Newspaper Novaya Gazeta threatened in Chechnya

Earlier this month, the newspaper Novaya Gazeta (NG) published the results of a journalistic probe by Yelena Milashina and Irina Gordiyenko into the persecution in Chechnya of persons suspected of non-traditional sexual orientation.

The story caused broad public repercussions, especially in the North Caucasus. Specifically, Chechen presidential spokesman Alvi Karimov called Novaya's reports “libel and disinformation”, because “you cannot detain or harass someone who simply doesn't exist in the republic,” RBK reported. In the central mosque of Grozny, a several-thousand-strong meeting has been held whose participants adopted a resolution condemning attempts to “undermine the centuries-old basics of Chechen society and [insult] the dignity of male Chechens” and their faith. “We promise retribution for the real instigators, whoever or wherever they may be, without any period of limitation,” the resolution says.

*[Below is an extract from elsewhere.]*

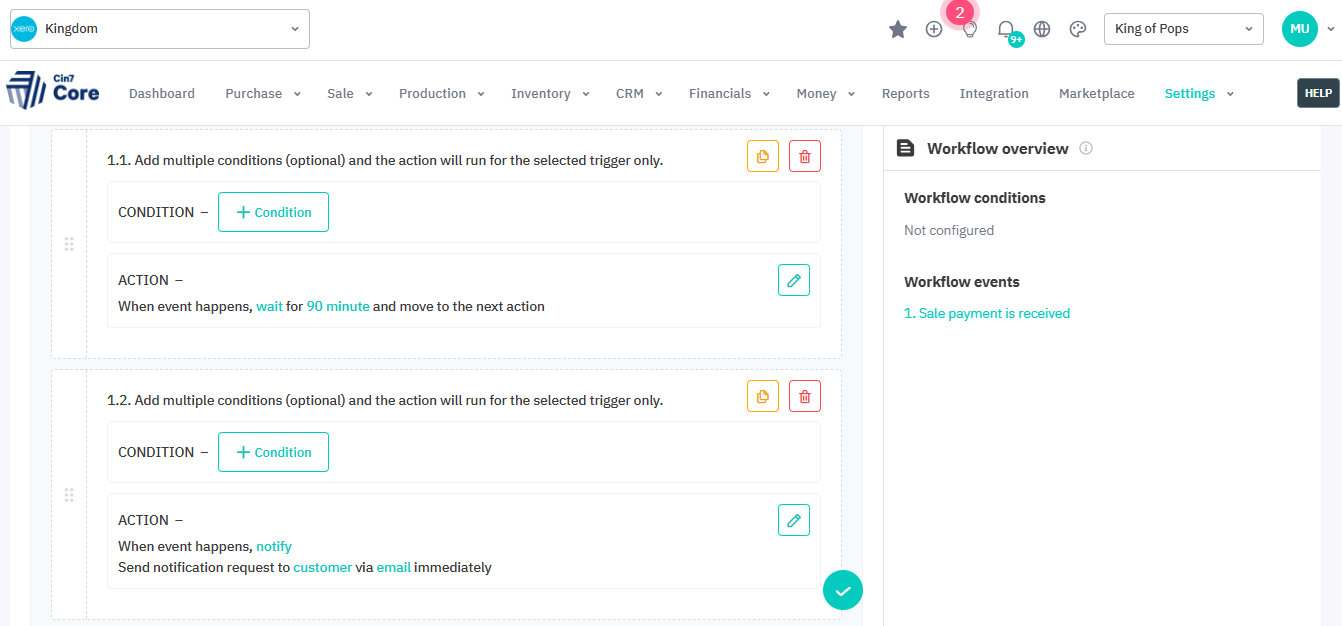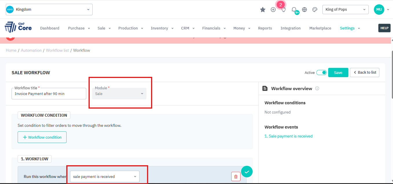 They have a workflow called “Invoice Payment after 90 min” that triggers an email to the customer when a payment is received against an invoice. This automation works for regular sales but not service sales. We need to implement a workflow to send the customer a received payment notification on a service sale as well as a regular sale.

Chechen Mufti Salah Mezhiyev specified: “The resolution passage quoted in the media is correct. But the meeting at the mosque attracted more than 20,000, not 15,000, believers. The retribution will come! Allah will punish those who belied the entire Chechen people and the republic's clergymen”. He added that the guilty ones “will be held liable in line with the letter of the Russian Federation law and will be punished by Allah”.

Novaya Gazeta also reported that presidential adviser Adam Shakhidov charged the press with libel, calling journalists “enemies of our faith and our homeland”.

Such a reaction could not but cause concerns. Novaya called on the RF government to take a closer look at what was going on: “Clearly, this resolution pushed religious fanatics toward using physical violence against journalists,” NG editorial board said in its appeal urging the authorities “to do everything possible to cut short actions aimed at instigating hate and enmity toward journalists performing their professional duty”. Notably, shortly after the appeal's publication the NG website became inaccessible.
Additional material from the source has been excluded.